> **Exercise objective**
Return the lines of the material below exactly, beginning with the line that has "Figure 3. Bichom" in it and finishing with the line that has "U.S. Office of Personnel Management" in it. Leave all pictures aside.

┄┄┄┄┄┄

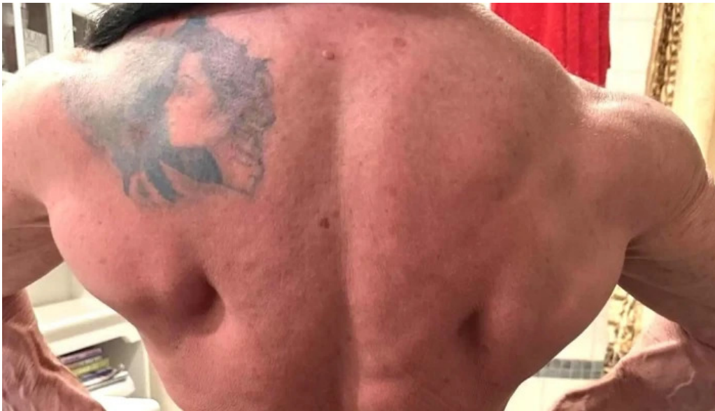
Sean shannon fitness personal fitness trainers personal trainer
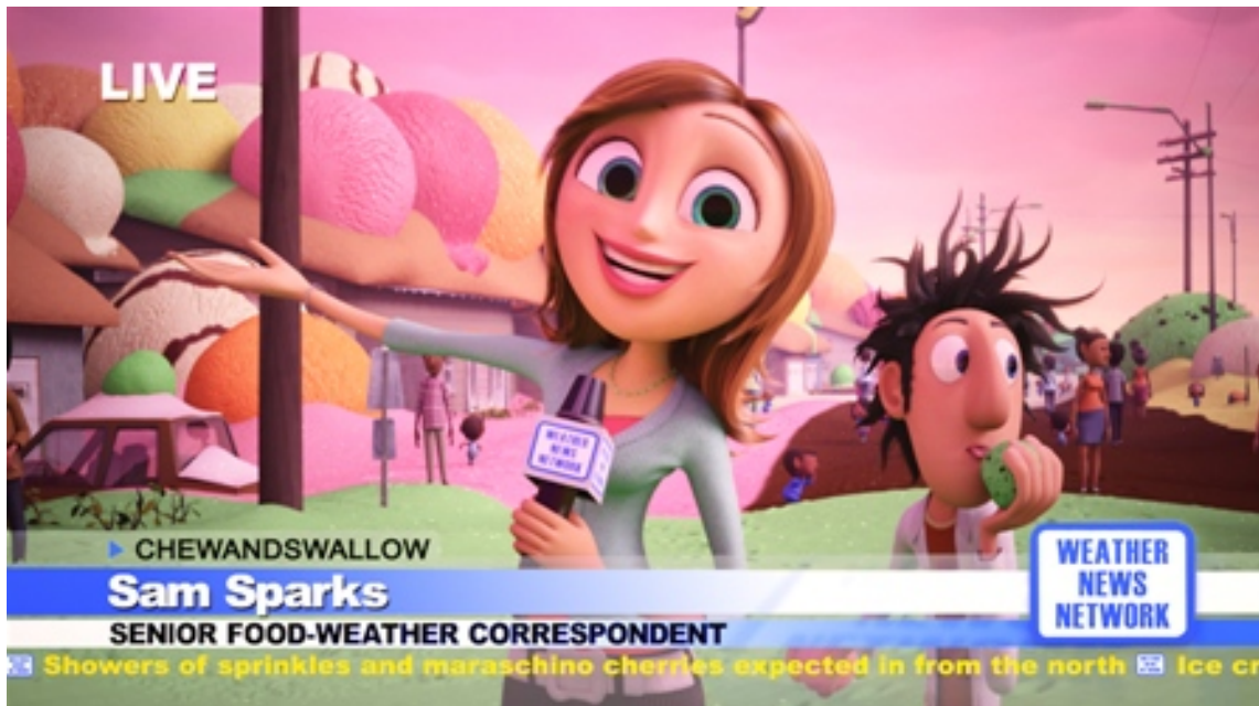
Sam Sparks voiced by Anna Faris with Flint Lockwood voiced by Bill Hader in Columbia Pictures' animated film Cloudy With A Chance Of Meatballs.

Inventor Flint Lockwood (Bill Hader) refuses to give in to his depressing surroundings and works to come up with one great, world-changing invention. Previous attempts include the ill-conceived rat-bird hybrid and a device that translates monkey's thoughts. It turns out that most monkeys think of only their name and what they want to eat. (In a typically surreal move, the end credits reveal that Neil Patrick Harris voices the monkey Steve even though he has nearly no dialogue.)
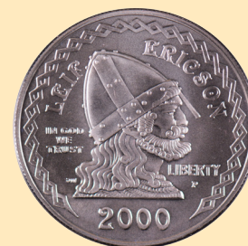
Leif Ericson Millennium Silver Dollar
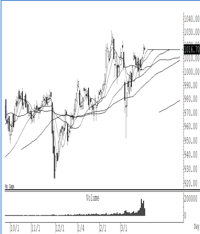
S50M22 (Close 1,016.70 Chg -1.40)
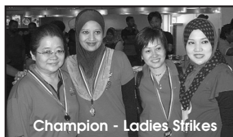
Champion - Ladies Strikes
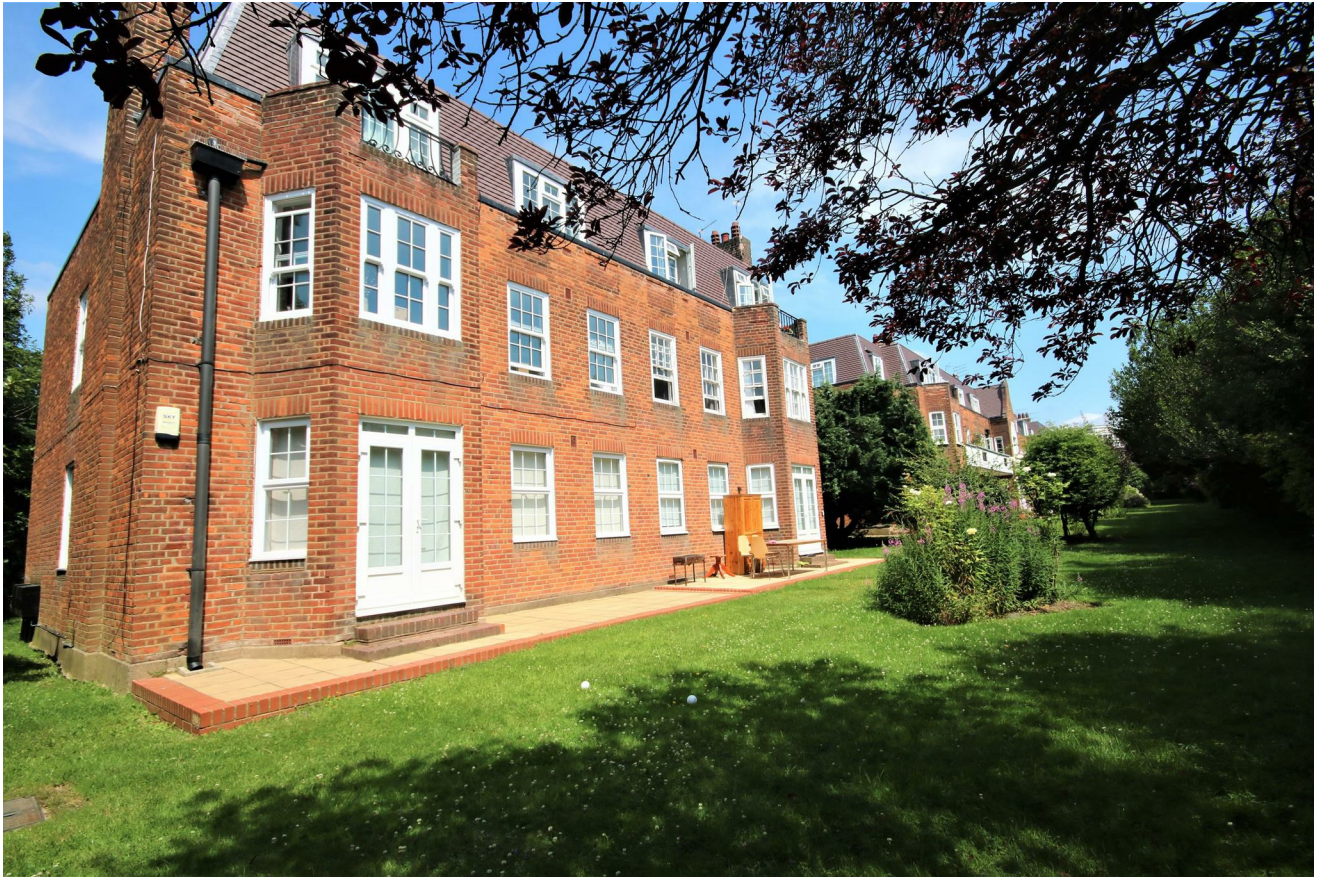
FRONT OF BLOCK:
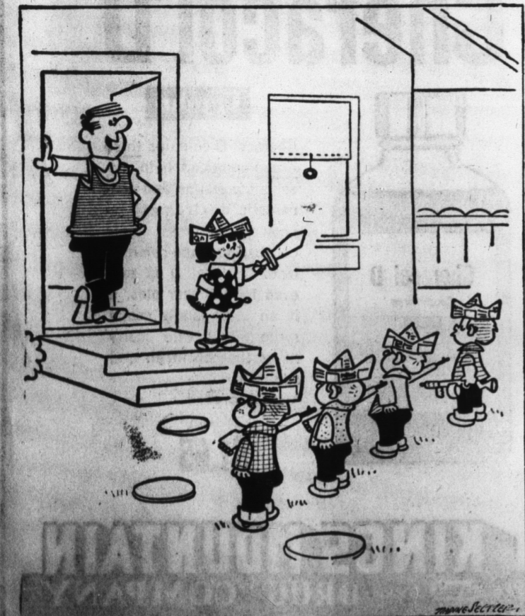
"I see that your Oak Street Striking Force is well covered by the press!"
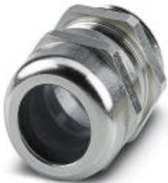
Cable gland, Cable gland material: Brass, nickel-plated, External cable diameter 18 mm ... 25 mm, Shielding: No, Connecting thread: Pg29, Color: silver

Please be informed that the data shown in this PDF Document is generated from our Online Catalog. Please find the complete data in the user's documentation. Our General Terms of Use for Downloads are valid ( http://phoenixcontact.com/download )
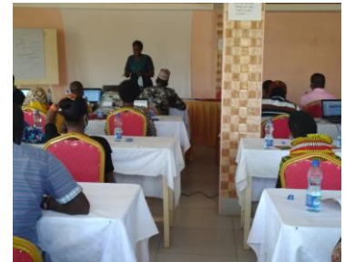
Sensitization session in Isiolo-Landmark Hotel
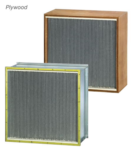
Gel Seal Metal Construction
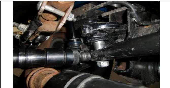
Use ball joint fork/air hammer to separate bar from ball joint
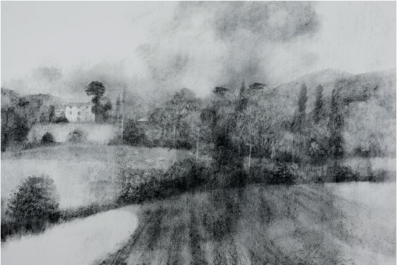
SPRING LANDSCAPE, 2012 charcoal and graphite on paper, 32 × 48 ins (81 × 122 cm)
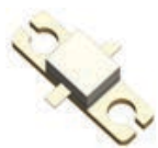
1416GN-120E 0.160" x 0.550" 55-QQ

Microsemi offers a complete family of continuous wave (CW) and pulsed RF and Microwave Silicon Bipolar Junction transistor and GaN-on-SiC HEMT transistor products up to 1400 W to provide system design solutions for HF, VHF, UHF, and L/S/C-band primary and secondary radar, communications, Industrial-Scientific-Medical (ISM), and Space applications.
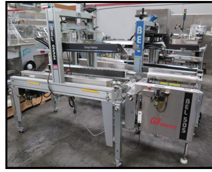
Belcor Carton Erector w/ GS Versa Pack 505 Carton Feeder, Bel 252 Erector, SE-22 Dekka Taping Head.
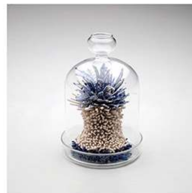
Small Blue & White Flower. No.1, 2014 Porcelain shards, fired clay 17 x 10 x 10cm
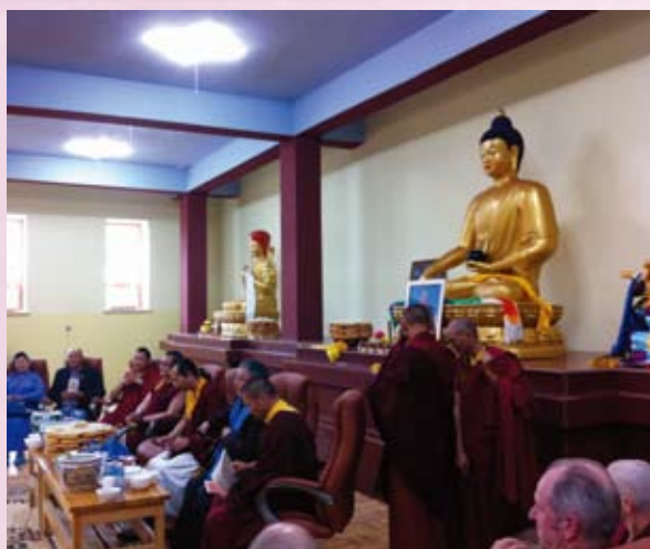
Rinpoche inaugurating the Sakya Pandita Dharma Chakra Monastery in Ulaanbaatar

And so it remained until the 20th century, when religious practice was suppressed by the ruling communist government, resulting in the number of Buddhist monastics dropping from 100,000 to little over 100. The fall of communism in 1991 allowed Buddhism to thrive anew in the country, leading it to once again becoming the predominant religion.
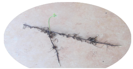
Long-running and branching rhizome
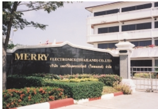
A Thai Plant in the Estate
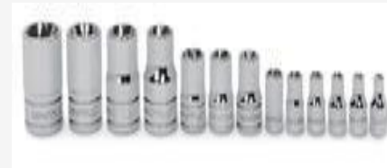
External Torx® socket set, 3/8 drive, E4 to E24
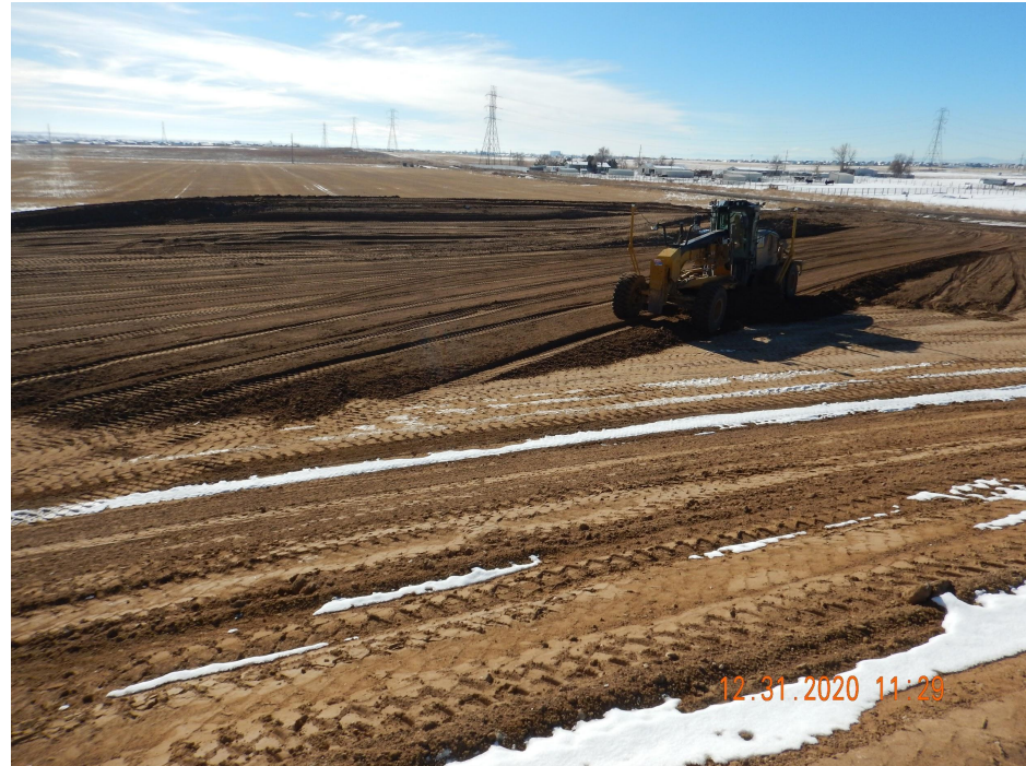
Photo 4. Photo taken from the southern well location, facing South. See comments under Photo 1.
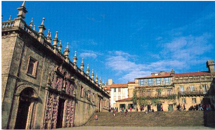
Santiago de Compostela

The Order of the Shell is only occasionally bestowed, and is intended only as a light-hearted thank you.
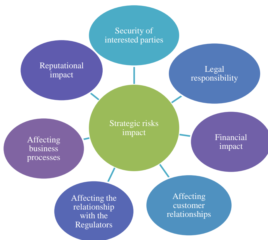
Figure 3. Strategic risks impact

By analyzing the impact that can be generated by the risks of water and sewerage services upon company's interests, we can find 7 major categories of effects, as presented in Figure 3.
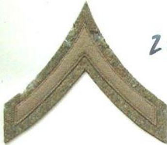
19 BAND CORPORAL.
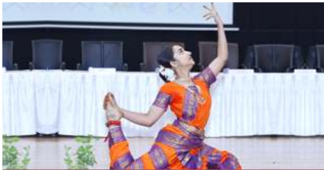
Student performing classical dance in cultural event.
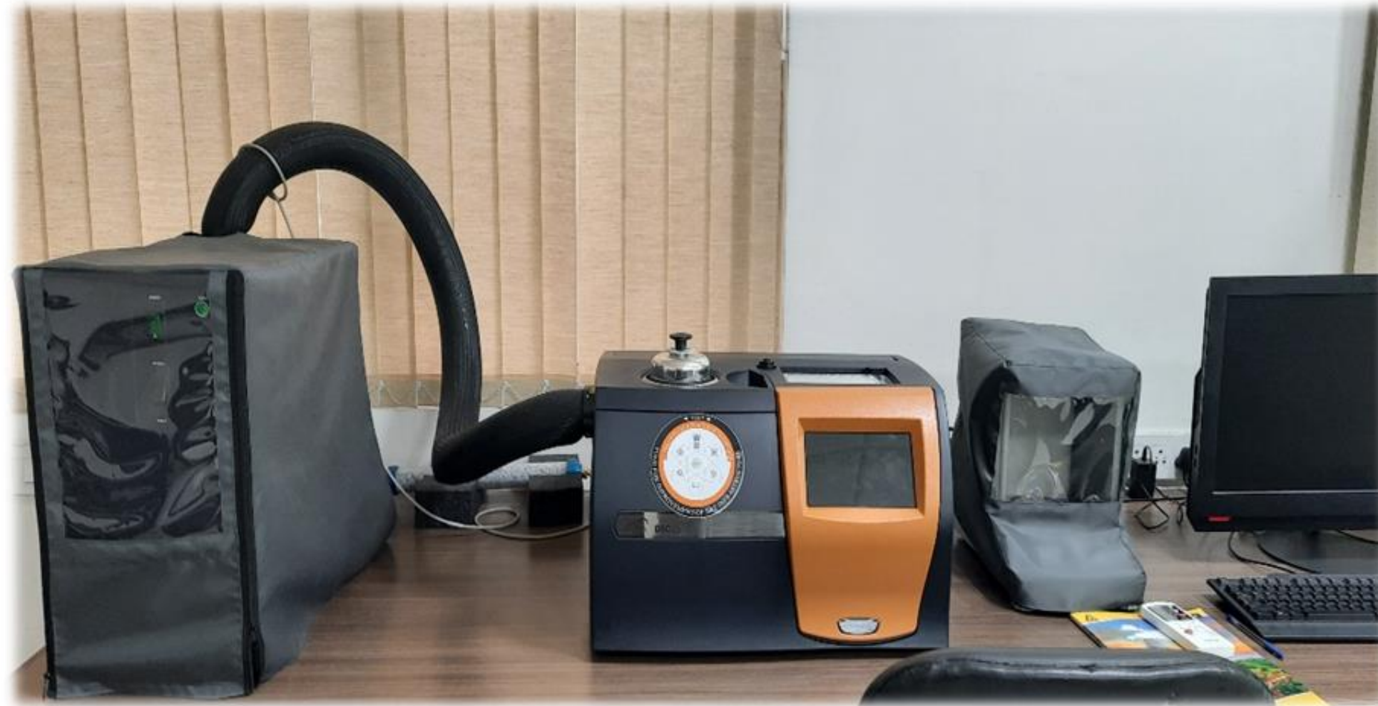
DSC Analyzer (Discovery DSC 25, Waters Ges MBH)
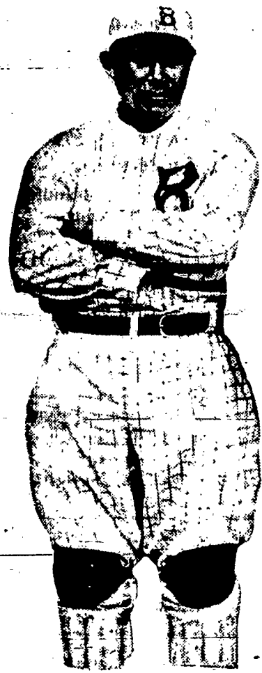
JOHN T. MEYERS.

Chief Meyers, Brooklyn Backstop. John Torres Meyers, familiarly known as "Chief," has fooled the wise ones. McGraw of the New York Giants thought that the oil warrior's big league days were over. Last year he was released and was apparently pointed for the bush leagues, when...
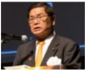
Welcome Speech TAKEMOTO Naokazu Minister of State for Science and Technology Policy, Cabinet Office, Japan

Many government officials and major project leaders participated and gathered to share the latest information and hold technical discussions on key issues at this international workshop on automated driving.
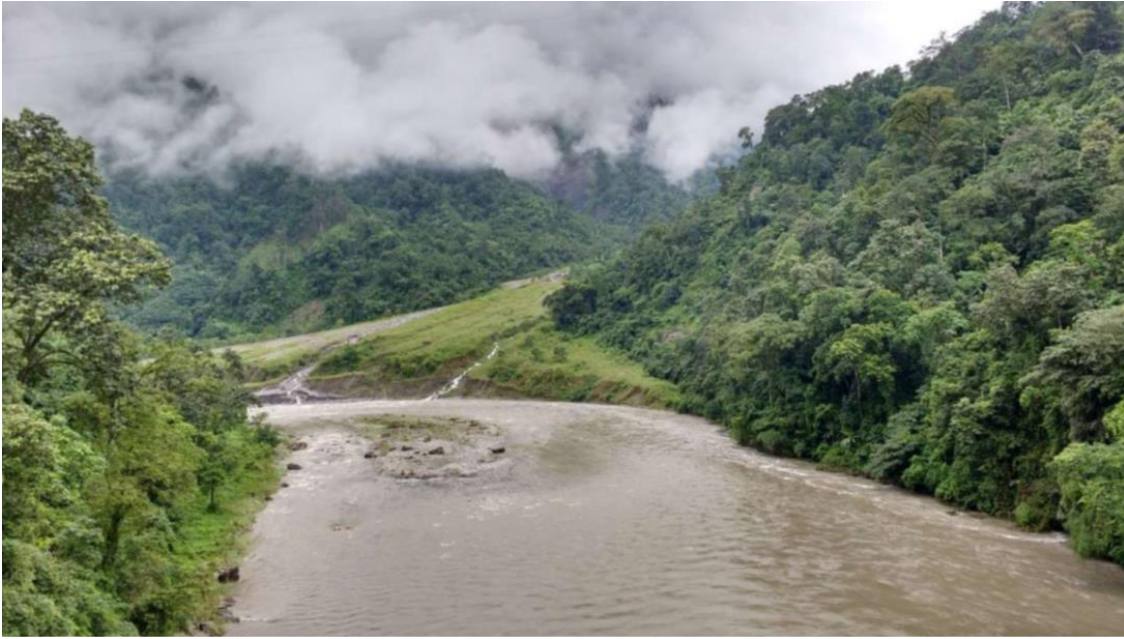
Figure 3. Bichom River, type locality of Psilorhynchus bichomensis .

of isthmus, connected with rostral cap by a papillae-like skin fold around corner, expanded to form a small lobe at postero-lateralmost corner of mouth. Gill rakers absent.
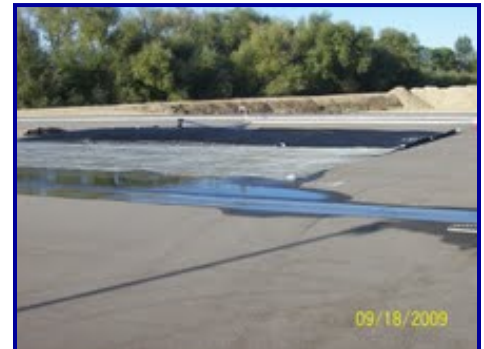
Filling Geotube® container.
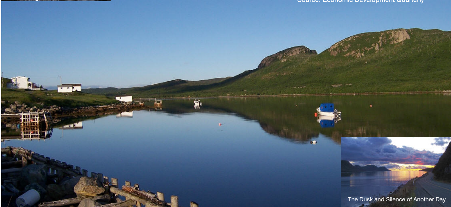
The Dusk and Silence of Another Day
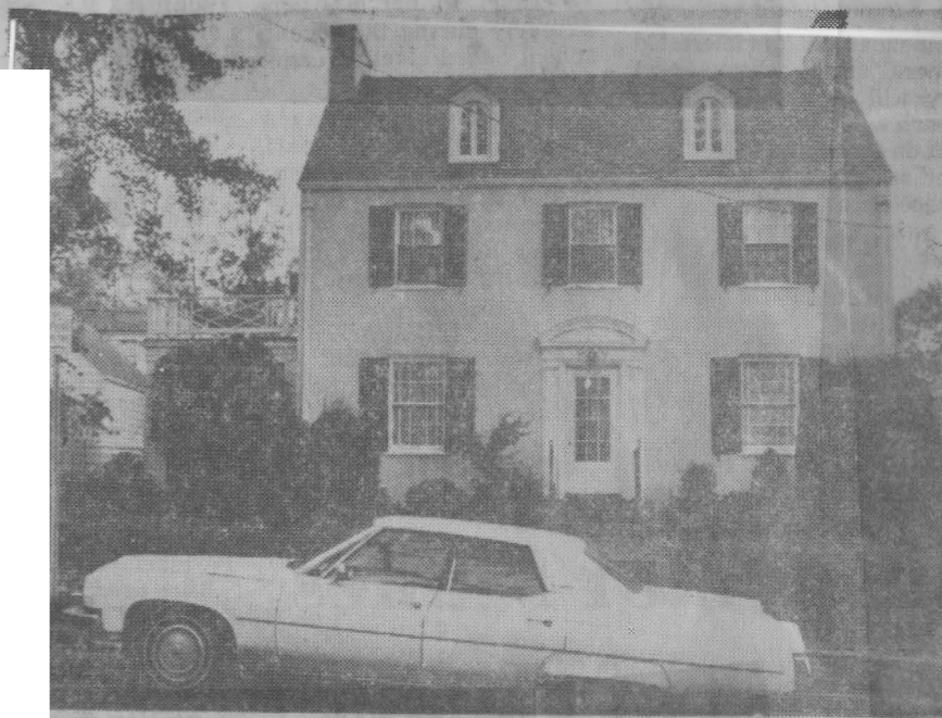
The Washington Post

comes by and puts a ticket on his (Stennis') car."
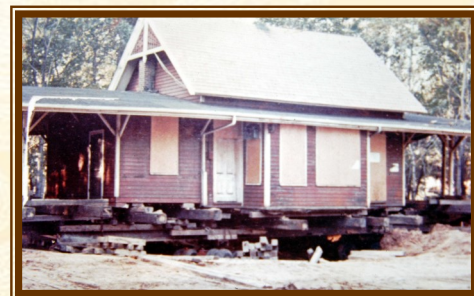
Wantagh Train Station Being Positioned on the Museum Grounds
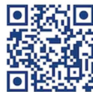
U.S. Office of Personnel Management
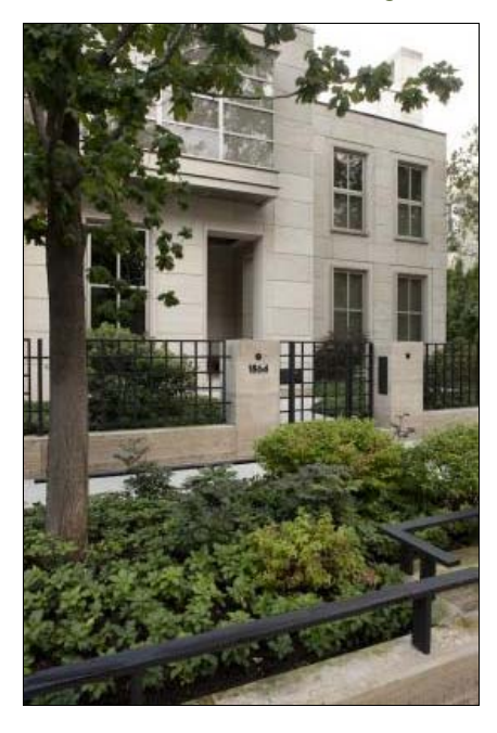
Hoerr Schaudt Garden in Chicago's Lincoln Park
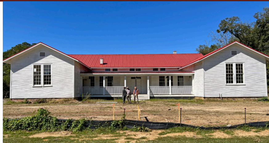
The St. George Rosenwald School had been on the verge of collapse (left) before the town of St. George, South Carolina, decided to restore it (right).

┄┄┄┄┄┄

> **Response to the task**
Figure 3. Bichom River, type locality of Psilorhynchus bichomensis .

of isthmus, connected with rostral cap by a papillae-like skin fold around corner, expanded to form a small lobe at postero-lateralmost corner of mouth. Gill rakers absent.
Filling Geotube® container.
The Dusk and Silence of Another Day
The Washington Post

comes by and puts a ticket on his (Stennis') car."
Wantagh Train Station Being Positioned on the Museum Grounds
U.S. Office of Personnel Management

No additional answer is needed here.